An integrated approach to the empirical application of dynamic optimization programming models, for students and researchers. This book is an effective, concise text for students and researchers that combines the tools of dynamic programming with numerical techniques and simulation-based econometric methods. Doing so, it bridges the traditional gap between theoretical and empirical research and offers an integrated framework for studying applied problems in macroeconomics and microeconomics. In part I the authors first review the formal theory of dynamic optimization; they then present the numerical tools and econometric techniques necessary to evaluate the theoretical models. In language accessible to a reader with a limited background in econometrics, they explain most of the methods used in applied dynamic research today, from the estimation of probability in a coin flip to a complicated nonlinear stochastic structural model. These econometric techniques provide the final link between the dynamic programming problem and data. Part II is devoted to the application of dynamic programming to specific areas of applied economics, including the study of business cycles, consumption, and investment behavior.
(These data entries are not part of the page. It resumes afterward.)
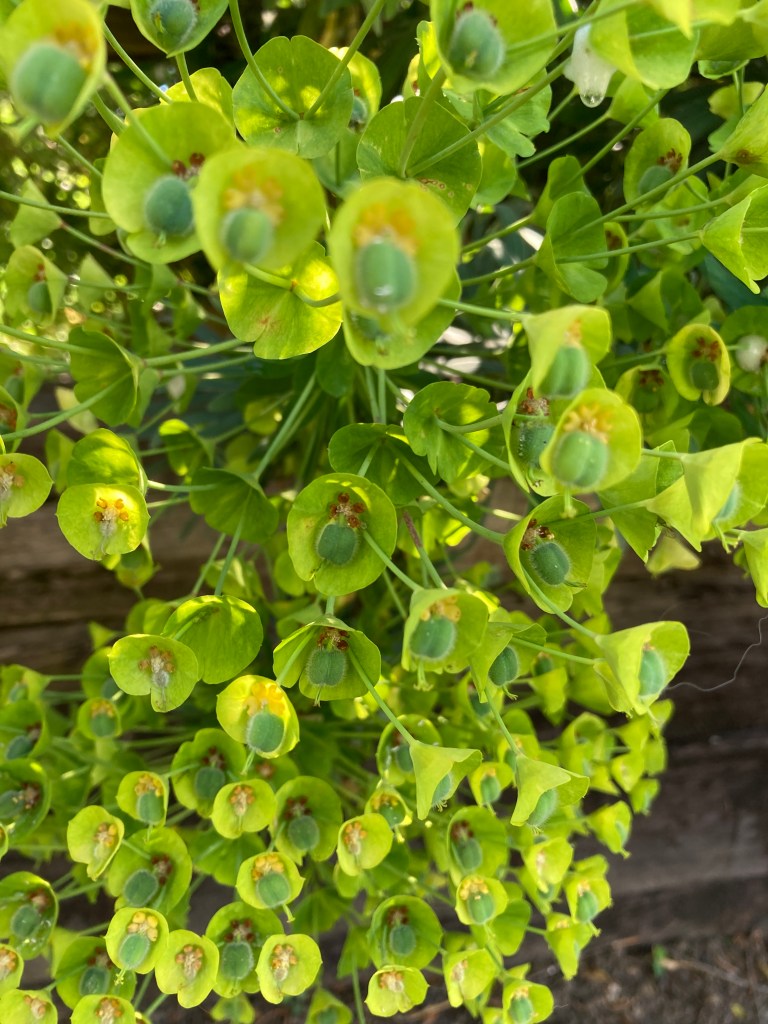 I looked up from weeding the veg garden at green leaves and the bluest sky kissed by the sun. There’s a bird singing somewhere in there but I couldn’t locate it.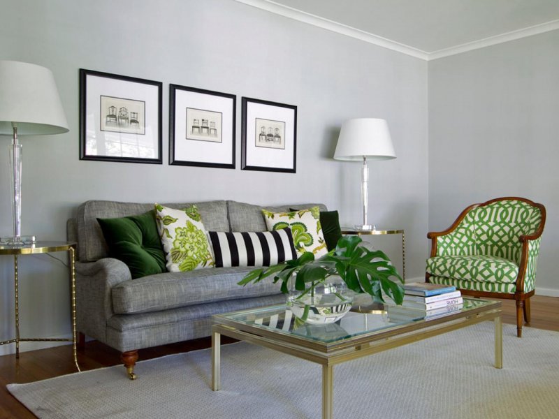 Включать в интерьер оттенки зеленого – тенденция 2018 года, которая продолжит быть актуальной. Серо-зеленый освежает и вдохновляет, на его фоне выгодно выделяется белая, голубая, бежевая мебель.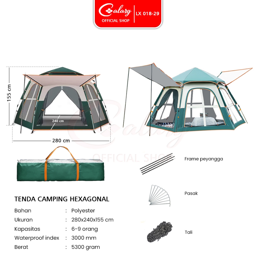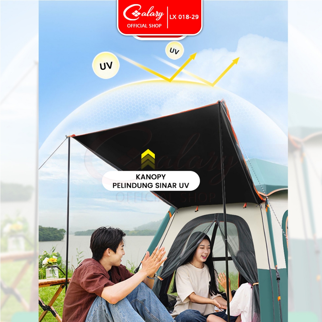 𝐂𝐀𝐋𝐀𝐑𝐘 Tenda Camping Besar 6-9 Orang Kanopi Otomatis Portabel 2 Pintu Kemah Outdoor 018-29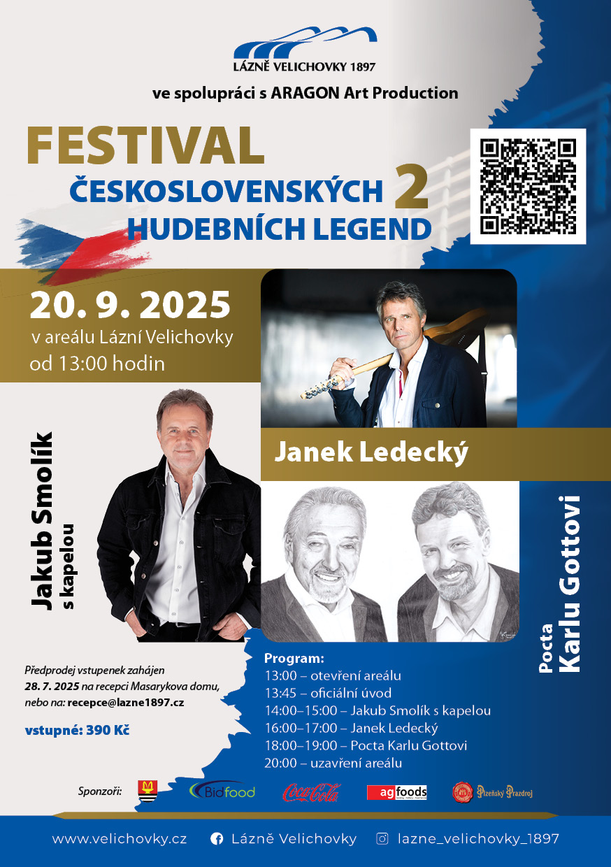 Zveme vás na jedinečný hudební festival plný nostalgie, legendárních hitů a výjimečné atmosféry – přímo v srdci Lázní Velichovky.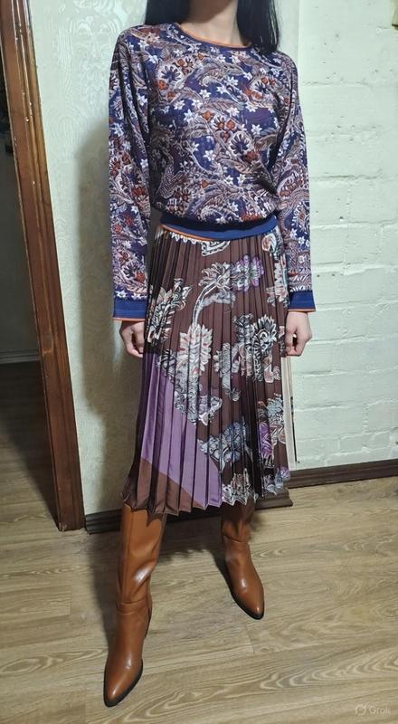 Продається **розкішний жакардовий джемпер від французького бренду Promod** — тепла знахідка для стильної зими! ✨ - **Дизайн**: Глибокий синій фон з яскравим жакардовим візерунком — східні пейслі, квіти та орнаменти в теракотово-помаранчевих, білих та бордових тонах. Контрастна помаранчева та синя окантовка на горловині, манжетах і подолі — акцент, що робить джемпер особливим. - **Матеріал**: М'який трикотаж з легким блиском — теплий, комфортний, ідеальний для холодної пори. - **Розмір**: S (42–44) — класичний прямий крій, довгі рукави. - **Стан**:Добрий але внутри є катиші. Візерунок яскравий, без пошкоджень — готова гріти та прикрашати. Це не просто джемпер — це **бохо-шик з французьким шармом**: для повсякденних образів з джинсами, спідницями чи навіть як яскравий акцент до класики. Компліменти гарантовані, а настрій — святковий! Не пропустіть — такі яскраві жакардові перлини розлітаються миттєво! Цей красень чекає на нову господиню! 🌟❤️

In each instance the authors present the specific optimization problem as a dynamic programming problem, characterize the optimal policy functions, estimate the parameters, and use models for policy evaluation. The original contribution of Dynamic Economics: Quantitative Methods and Applications lies in the integrated approach to the empirical application of dynamic optimization programming models. This integration shows that empirical applications actually complement the underlying theory of optimization, while dynamic programming problems provide needed structure for estimation and policy evaluation.